October 1, 2024

The Fed Meets Amid Faster Inflation and Prepares to React

Given inflation and growth trends, Fed officials signaled clearly that they would discuss withdrawing support more quickly at this gathering, and economists think officials will signal a plan to taper off bond purchases so that the buying will stop altogether in March.

Policymakers will also provide their latest thinking on the path for interest rates in their updated quarterly economic projections, and could pencil in two or three increases next year.
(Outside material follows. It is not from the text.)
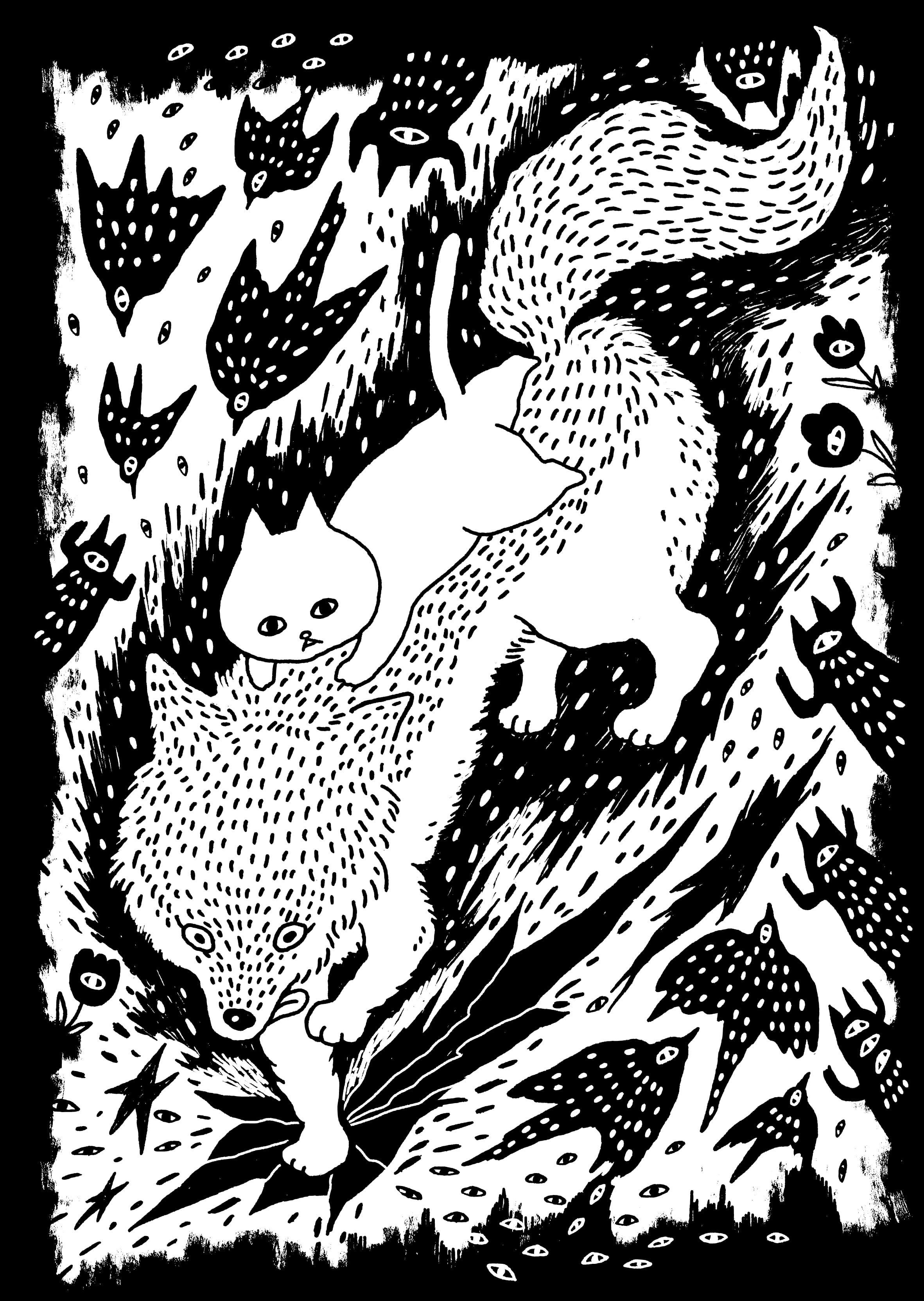 This is a long-sleeved T-shirt printed with illustrations of wolves and cats.

When they last released the projections in September, officials were split on whether they would raise rates at all in 2022. Lifting the federal funds rate is arguably the Fed’s most powerful tool for pushing back on inflation, because it would slow demand and economic growth by percolating through the rest of the economy, lifting borrowing costs on mortgages, business loans and auto debt.

In late November, Jerome H. Powell, the Fed chair, set the stage for the central bank’s shift from an economy-stoking stance to one that is more focused on keeping inflation under control.

“At this point, the economy is very strong, and inflationary pressures are high, and it is therefore appropriate in my view to consider wrapping up the taper of our asset purchases, which we actually announced at our November meeting, perhaps a few months sooner,” Mr. Powell said during congressional testimony on Nov. 30.

The Fed chair is expected to further explain during a post-meeting news conference on Wednesday how he is thinking about the central bank’s policy stance as it confronts rapid inflation and an uncertain economic path at a time when the virus shows no signs of abating and a new variant, Omicron, complicates the outlook.